Il y a d'abord eu la pandémie et maintenant la guerre en Ukraine. L'industrie est actuellement confrontée à de grands défis. La Fedil, la Fédération des industriels luxembourgeois, se prépare à des changements fondamentaux.
Les sanctions contre la Russie ne nuisent pas seulement à l'économie russe. Au Luxembourg, l'industrie importe de Russie, directement ou par des voies détournées, des matières premières importantes, qui maintenant ne lui parviennent plus.
"Il ne nous appartient pas de prendre ces décisions. Quand les politiques les ont décidées, nous les avons partagées. Le rôle que nous avons, est de déterminer et d'expliquer quelles sont les conséquences", selon René Winkin, le directeur de la Fedil.
Des explications qui ne sont pas simples. Les implications sont complexes. En théorie, au Luxembourg, le secteur pourrait soutenir un arrêt complet des importations de gaz et de pétrole russes. Mais l'industrie allemande serait gravement impactée, et les Luxembourgeois dépendent de cette dernière.

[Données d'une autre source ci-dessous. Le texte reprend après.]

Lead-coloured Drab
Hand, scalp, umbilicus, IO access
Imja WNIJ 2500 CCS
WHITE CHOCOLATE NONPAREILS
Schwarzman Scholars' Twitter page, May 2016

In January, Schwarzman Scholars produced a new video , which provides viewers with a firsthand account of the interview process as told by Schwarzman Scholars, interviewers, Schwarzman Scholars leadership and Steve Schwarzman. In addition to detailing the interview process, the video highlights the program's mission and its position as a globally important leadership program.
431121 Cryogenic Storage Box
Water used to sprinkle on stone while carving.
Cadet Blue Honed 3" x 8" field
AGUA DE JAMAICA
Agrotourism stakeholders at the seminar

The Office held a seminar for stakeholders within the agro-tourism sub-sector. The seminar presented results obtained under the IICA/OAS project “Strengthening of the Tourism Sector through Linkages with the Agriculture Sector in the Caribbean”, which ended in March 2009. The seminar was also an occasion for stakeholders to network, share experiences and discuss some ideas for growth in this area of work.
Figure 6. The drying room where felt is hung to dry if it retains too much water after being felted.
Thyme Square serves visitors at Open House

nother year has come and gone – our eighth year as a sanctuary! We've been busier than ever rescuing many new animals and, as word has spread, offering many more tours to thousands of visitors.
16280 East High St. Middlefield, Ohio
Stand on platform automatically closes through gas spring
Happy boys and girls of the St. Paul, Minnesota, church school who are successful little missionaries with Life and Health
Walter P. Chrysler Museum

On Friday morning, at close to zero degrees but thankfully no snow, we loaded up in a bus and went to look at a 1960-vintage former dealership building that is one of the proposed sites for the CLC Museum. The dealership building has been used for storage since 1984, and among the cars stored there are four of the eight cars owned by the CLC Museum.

"Nous savons que s'il y a une pénurie de gaz, l'industrie sera la première à avoir le gaz coupé. Ce sont des industries qui fabriquent des produits, qui sont au début de tout le processus: métal, verre, matières synthétiques. Nous devons supposer qu'alors de nombreux secteurs ne fonctionneront plus."

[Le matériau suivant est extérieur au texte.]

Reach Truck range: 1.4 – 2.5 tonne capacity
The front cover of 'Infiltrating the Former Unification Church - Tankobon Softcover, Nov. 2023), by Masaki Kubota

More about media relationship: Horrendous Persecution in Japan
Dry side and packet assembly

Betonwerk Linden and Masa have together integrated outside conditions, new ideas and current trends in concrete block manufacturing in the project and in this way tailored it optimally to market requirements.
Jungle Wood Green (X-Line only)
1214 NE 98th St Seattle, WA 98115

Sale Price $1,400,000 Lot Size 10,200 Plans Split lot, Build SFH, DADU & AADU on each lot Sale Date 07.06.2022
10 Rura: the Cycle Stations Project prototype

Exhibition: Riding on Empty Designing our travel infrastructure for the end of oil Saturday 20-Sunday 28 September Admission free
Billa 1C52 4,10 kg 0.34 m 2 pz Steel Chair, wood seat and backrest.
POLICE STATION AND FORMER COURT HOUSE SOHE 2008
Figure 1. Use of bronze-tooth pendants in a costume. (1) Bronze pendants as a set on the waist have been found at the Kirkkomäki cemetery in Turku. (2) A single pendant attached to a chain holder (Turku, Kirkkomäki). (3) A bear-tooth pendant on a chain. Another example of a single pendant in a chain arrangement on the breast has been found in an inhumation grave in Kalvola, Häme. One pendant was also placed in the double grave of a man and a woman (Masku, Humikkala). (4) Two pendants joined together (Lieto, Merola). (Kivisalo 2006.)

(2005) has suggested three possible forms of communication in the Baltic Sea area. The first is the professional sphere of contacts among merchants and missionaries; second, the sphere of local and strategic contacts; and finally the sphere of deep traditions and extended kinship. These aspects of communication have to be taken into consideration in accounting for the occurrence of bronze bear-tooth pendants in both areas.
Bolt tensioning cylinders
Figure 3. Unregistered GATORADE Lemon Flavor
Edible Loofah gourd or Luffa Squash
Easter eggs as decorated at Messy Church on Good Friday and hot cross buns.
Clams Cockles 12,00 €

Et les prix de ces produits qui arriveraient encore sur le marché, exploseraient.
Les conséquences d'un arrêt des importations de pétrole russe seraient encore prévisibles: des prix élevés à la pompe. Mais selon la Fedil, un embargo sur le gaz est une question qui concerne l'ensemble de la société. D'une manière générale, la consommation de gaz devrait diminuer, estime la Fédération industrielle, qui est d'accord avec l'accord tripartite, même si les grandes questions n'ont pas été posées.
"Mais il aurait encore fallu voir ce qui aurait pu être changé structurellement. Si nous projetons ces pénuries encore plus loin, nous ne pouvons pas dire que nous donnerons simplement de l'argent aux gens pour qu'ils achètent comme jusqu'à présent. S'il y a pénurie, il y a pénurie", explique René Winkin.
L'objectif serait d'être moins dépendant des importations. L'intérêt des acteurs de l'industrie pour la décarbonation serait donc grand, selon René Winkin.